1/(x^3+x^2+x+1)=1/(x^2(x+1)+(x+1))=1/((x+1)(x^2+1))=f(x)/(x+1)+g(x)/(x^2+1), where f and g are functions of x that allow us to split the expression into partial fractions. Let f(x)=ax+b and g(x)=cx+d, then (ax+b)(x^2+1)+(cx+d)(x+1)=1 and ax^3+ax+bx^2+b + cx^2+cx+dx+d=1. So a=0 ( no x^3 term), b+c=0 (no x^2 term), a+c+d=0 (no x term), b+d=1.

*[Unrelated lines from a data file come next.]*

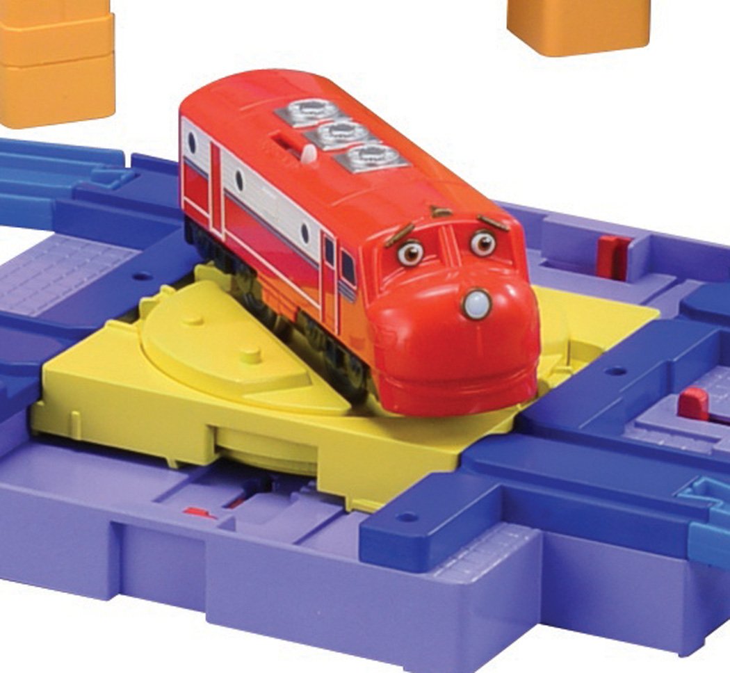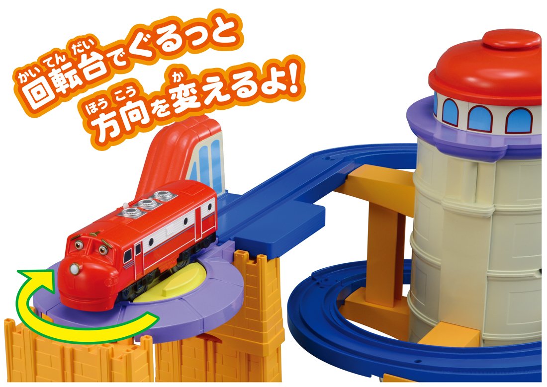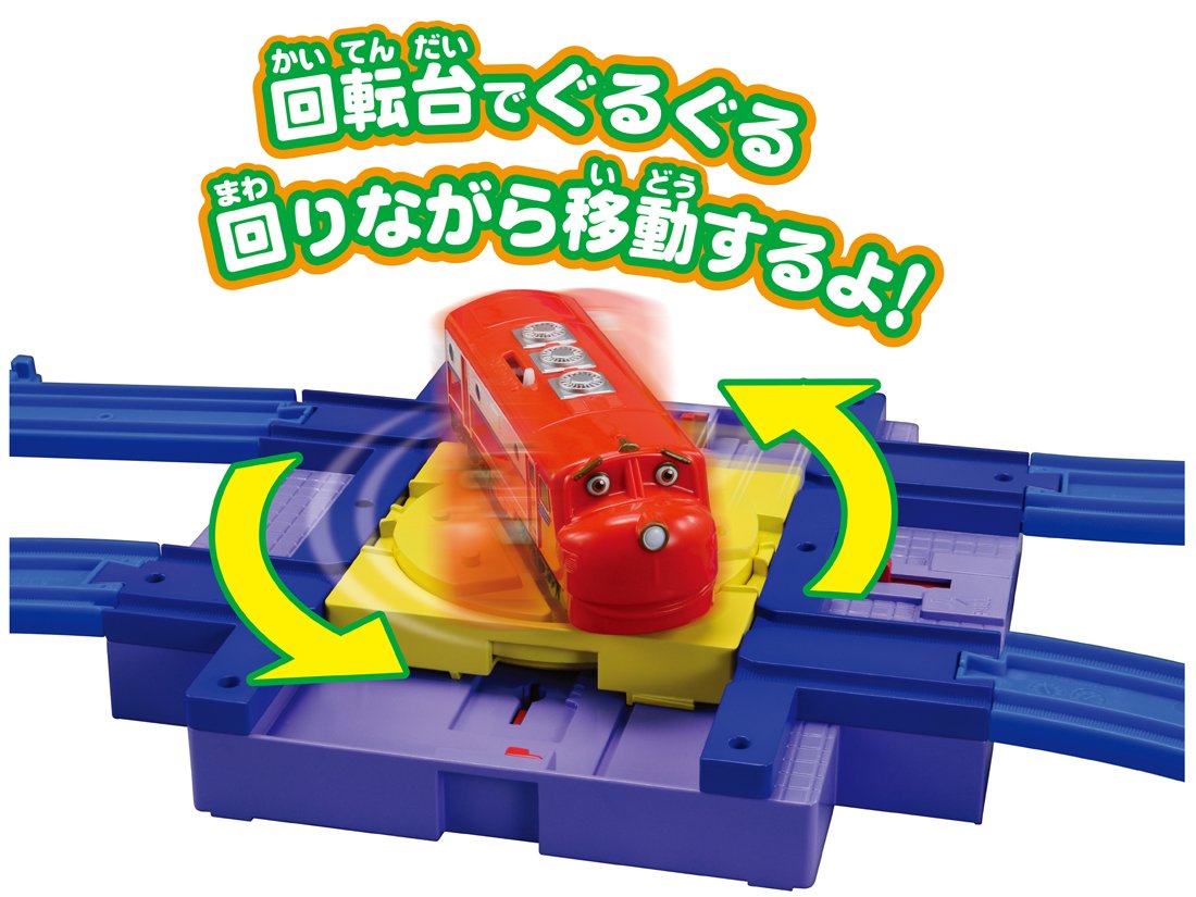 When pulling the lever of the moving rotating table in the center, Wilson moves around to the next rail while turning around.
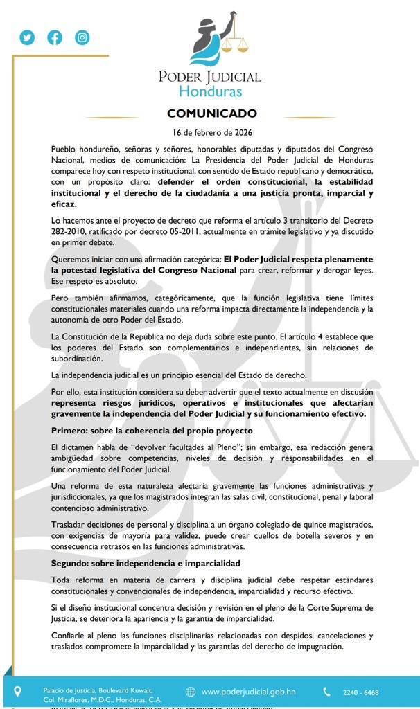 La presidencia de la Corte Suprema de Justicia de Honduras (CSJ) advirtió este lunes que la iniciativa de ley que busca retirarle facultades administrativas representa un riesgo para la independencia del Poder Judicial, luego de que el Congreso Nacional de Honduras aprobara el proyecto en primer debate.
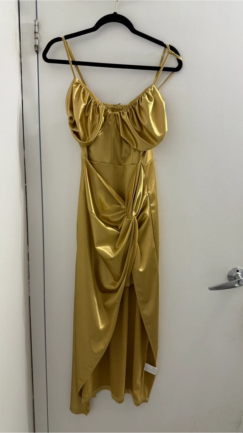 Gold Satin Ruched Midi Dress
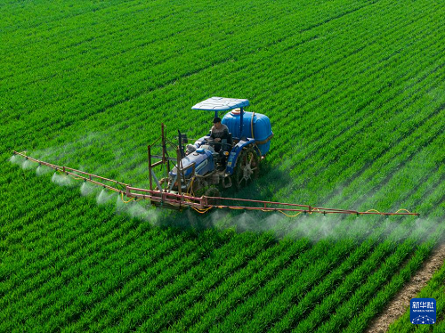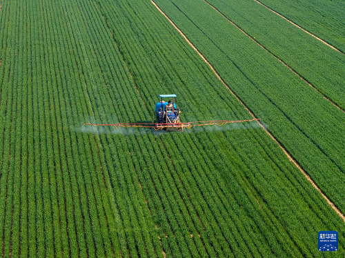 3月25日,河南省三門峽市靈寶市西閻鄉(xiāng)西古驛村農(nóng)民在麥田進行“一噴三防”作業(yè)(無人機照片)。(新華社發(fā) 杜杰 攝)
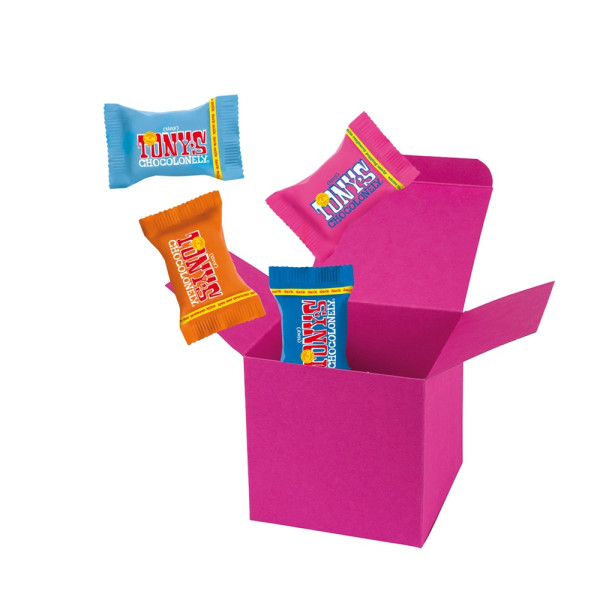 4 Tiny Tony´s verpackt in ColorBox Pink. • Quadratisch, flexibel und nachhaltig: die ColorBox ist ein Naturprodukt "MADE IN GERMANY" welches aus 100% Recyclingpapier hergestellt wird,gefüllt mit 4 Tiny Tony's, das sind Mini‑Schokoladentäfelchen in unterschiedlichen Sorten: Milch, Milch Karamell Meersalz, Milch Nougat, Milch Haselnuss, Zartbitter Mandel Meersalz, Dunkle Milch, Dunkle Milch Brezel, Dunkle Milch Brezel, Weiße Schokolade und Weiße Schokolade Himbeere Knusper (Sortierung kann von der Abbildung abweichen). Die ColorBox kann auf Wunsch mit einem 4c Aufkleber oder 1c Druck individualisiert werden, weitere mögliche Werbeanbringungen sind eine Banderole 4c um die Box herum und ab 3000 Stück ein All-Over Druck 4c.
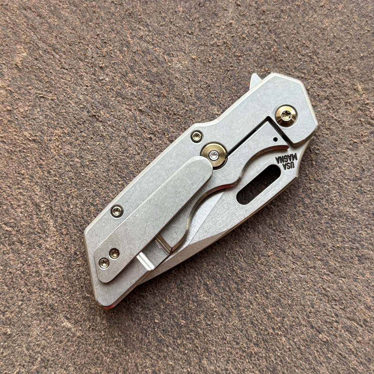 This model features a stonewash satin finished Magnacut drop point rising grind blade with standard cutting edge, brightwash titanium handles with bog oak inlay and bronze hardware. Comes brand new in padded, zippered pouch.
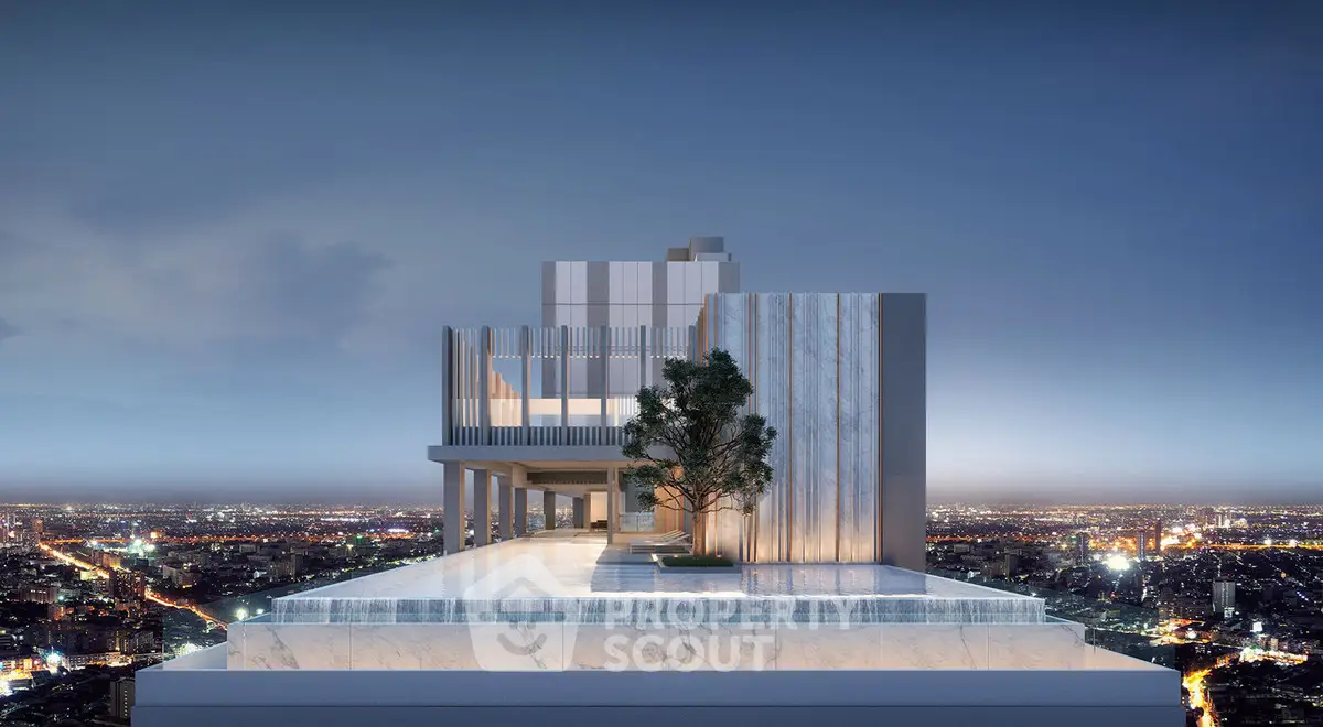 Luxurious rooftop pool with stunning city skyline view at sunset.
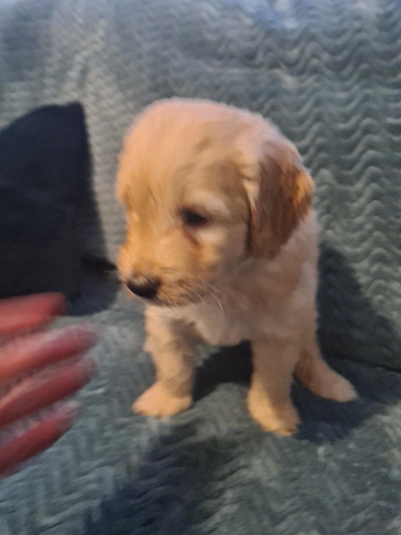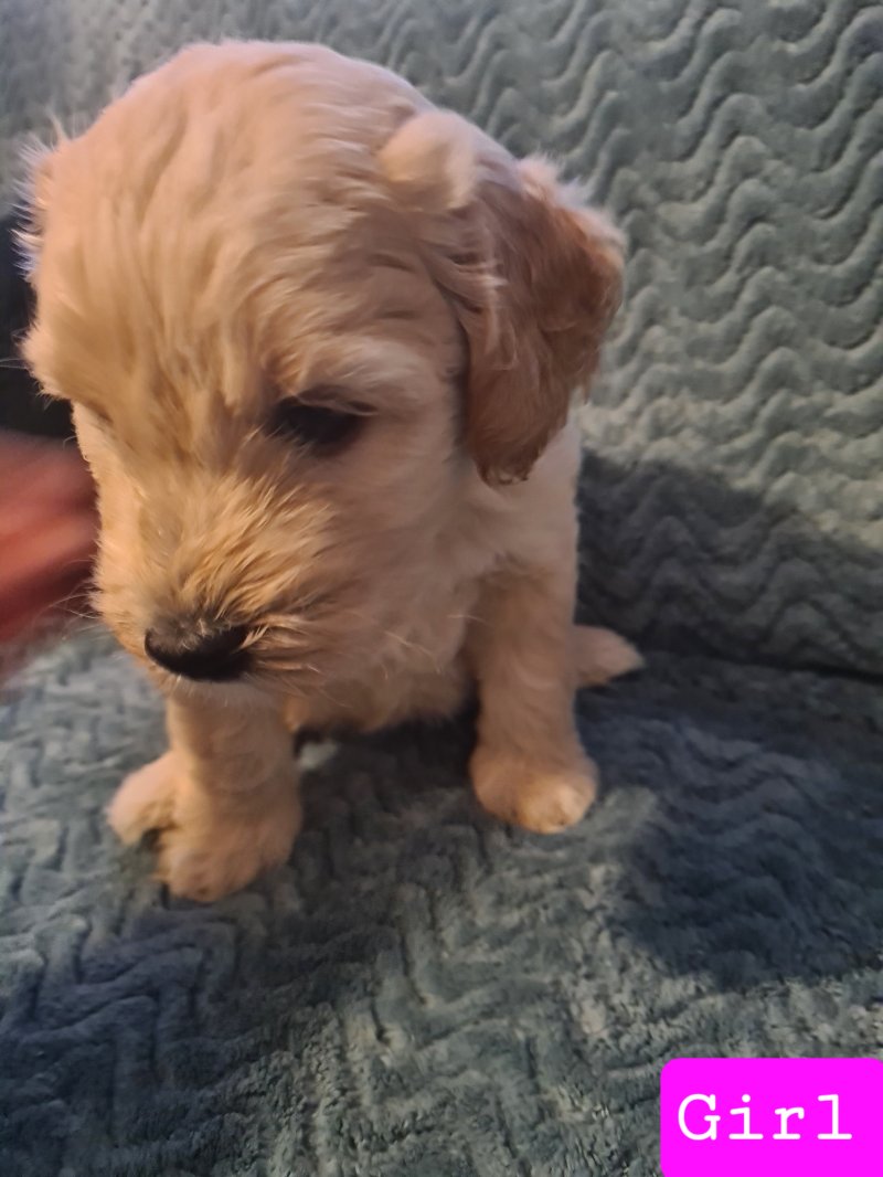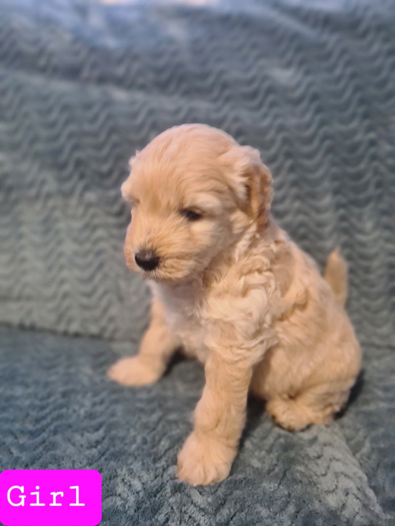 π Pink Collar Girl – The Gentle Heart of the Litter π Meet our beautiful Pink Collar Girl, a golden Tiny/Mini Labradoodle with the most adorable Apricot-tipped ears. She’s one of the most loving and gentle puppies you could ever meet — calm, affectionate, and full of kindness. πΎ Personality Highlights: Exceptionally gentle and nurturing — always seen cleaning and caring for her littermates π Loves cuddles and thrives on human affection Peaceful and calm, with a naturally sweet and trusting nature The perfect choice for anyone seeking a quiet, loving, loyal companion π

From these c=-b, so 0-b+d=0 and b=d, but b+d=1 so b=d=1/2 and c=-1/2. f(x)=1/2 and g(x)=-x/2+1/2. Thus:
1/((x+1)(x^2+1))=1/(2(x+1))+(1-x)/(2(x^2+1))=1/(2(x+1))+1/(2(x^2+1))-x/(2(x^2+1)). Each term is integrable:
(1/2)int(1/(x+1))+(1/2)int(1/(x^2+1))-(1/4)int(2x/(x^2+1))=
(1/2)ln(x+1)+(1/2)tan^-1(x)-(1/4)ln(x^2+1)+k, where k is the integration constant.
The log terms can be combined: (1/4)ln((x+1)^2/(x^2+1))+(1/2)tan^-1(x)+k.